La transparence budgétaire au Sénégal est essentielle pour garantir une gestion démocratique des finances publiques. Cet article analyse les acteurs et les procédures de préparation de la loi de finances, mettant en lumière les réformes récentes visant à renforcer cette transparence et l’efficacité budgétaire.
Paragraphe 2 : Les autorités parlementaires
L’association du parlement à l’élaboration du projet de loi de finances date des années 90. Elle s’inscrit dans une logique de recherche de transparence dans la gestion des finances publiques. Un objectif politique qui signifie qu’il n’y a pas de vraie démocratie si les citoyens ne comprennent pas comment est utilisé l’argent public.

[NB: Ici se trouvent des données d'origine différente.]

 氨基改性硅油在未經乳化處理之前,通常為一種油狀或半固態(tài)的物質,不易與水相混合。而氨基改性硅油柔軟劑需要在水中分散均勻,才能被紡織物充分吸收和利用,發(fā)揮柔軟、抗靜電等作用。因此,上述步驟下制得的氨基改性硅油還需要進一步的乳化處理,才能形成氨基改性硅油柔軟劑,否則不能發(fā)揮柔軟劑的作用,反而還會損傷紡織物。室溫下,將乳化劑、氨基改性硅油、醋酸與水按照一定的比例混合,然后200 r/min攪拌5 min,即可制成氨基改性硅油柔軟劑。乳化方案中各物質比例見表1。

C’est dire qu’il y a un lien fondamental entre la démocratie et le droit budgétaire. L’objectif de transparence suppose que la présentation, l’élaboration et l’exécution soit lisibles pour les citoyens. Le parlement doit être informé des grandes priorités de la politique budgétaire.1 Le débat d’orientation budgétaire constitue un premier rendez-vous entre le gouvernement et le parlement dans le cadre de la préparation de la loi de finances et donne l’occasion aux parlementaires de faire entendre leur point de vue sur les orientations de la politique gouvernementale.2 Il leur permet donc d’être informé assez tôt de la stratégie gouvernementale d’une part et d’autre part d’en discuter afin de formuler des suggestions à l’exécutif. Ainsi, le gouvernement doit désormais présenter un rapport sur l’évolution de l’économie nationale.

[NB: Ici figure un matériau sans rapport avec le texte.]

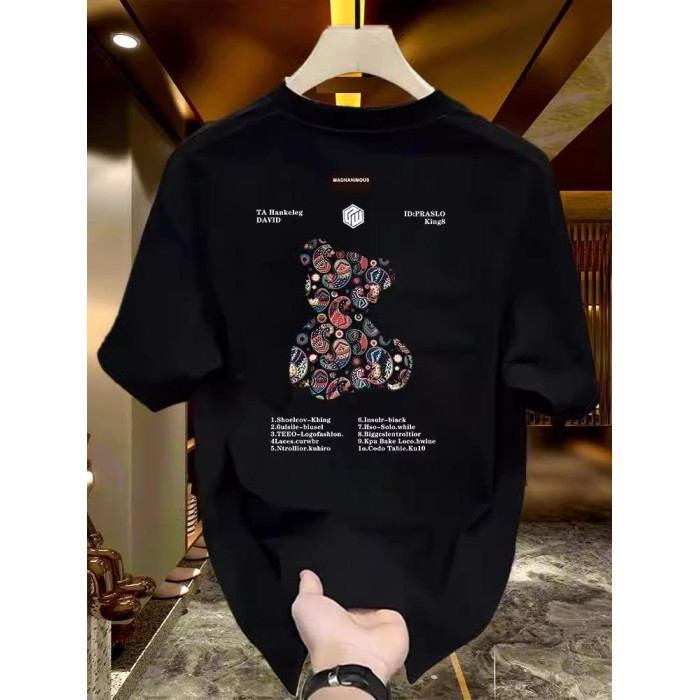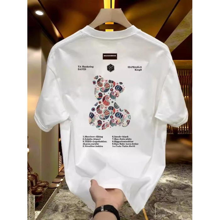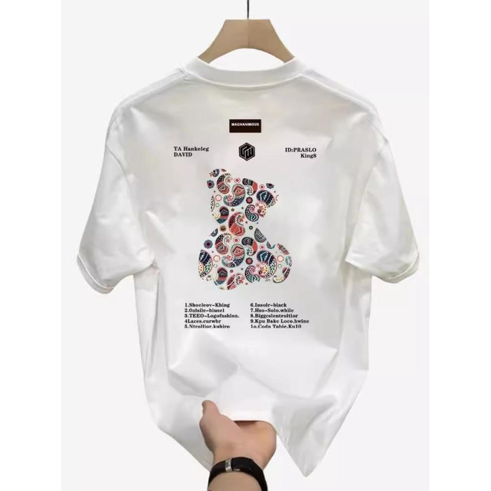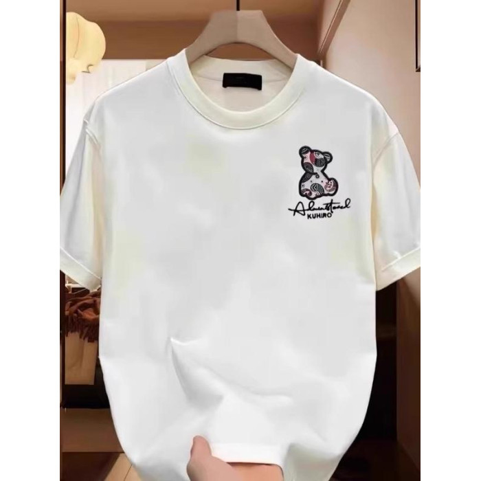 香港潮牌網紅熊純棉男t恤短袖純色寬松簡約印花上衣百搭圓領體恤

Il faut dire que la première expérience a été faite en France avec les budgets des collectivités territoriales avant d’être élargie au budget de l’Etat avec le gouvernement Jospin en 1998. Sous la forme d’un débat d’orientation des finances publiques (DOFP), cette initiative permet au gouvernement d’informer le parlement de l’évolution de l’économie nationale et des orientations majeurs des finances publiques. Ce débat est prévu à l’article 48 de la loi organique portant loi de finances du 1er août 2001. Le Professeur Reymond MUZELLEC parle de « correction parlementaire au monopole gouvernemental »3 sur l’élaboration du projet de loi de finances.

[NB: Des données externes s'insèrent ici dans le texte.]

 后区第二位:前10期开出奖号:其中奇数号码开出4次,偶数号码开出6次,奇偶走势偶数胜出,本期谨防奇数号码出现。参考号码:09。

En France, le débat d’orientation budgétaire est préparé en amont avec la remise de deux rapports au Parlement. Le premier rapport émane de la Cour des comptes et porte sur la situation et les perspectives des finances publiques. Quant au second, il provient du Gouvernement qui le remet au Parlement, en principe avant le 30 juin, pour lui informer de l’évolution de l’économie nationale et des orientations des finances publiques.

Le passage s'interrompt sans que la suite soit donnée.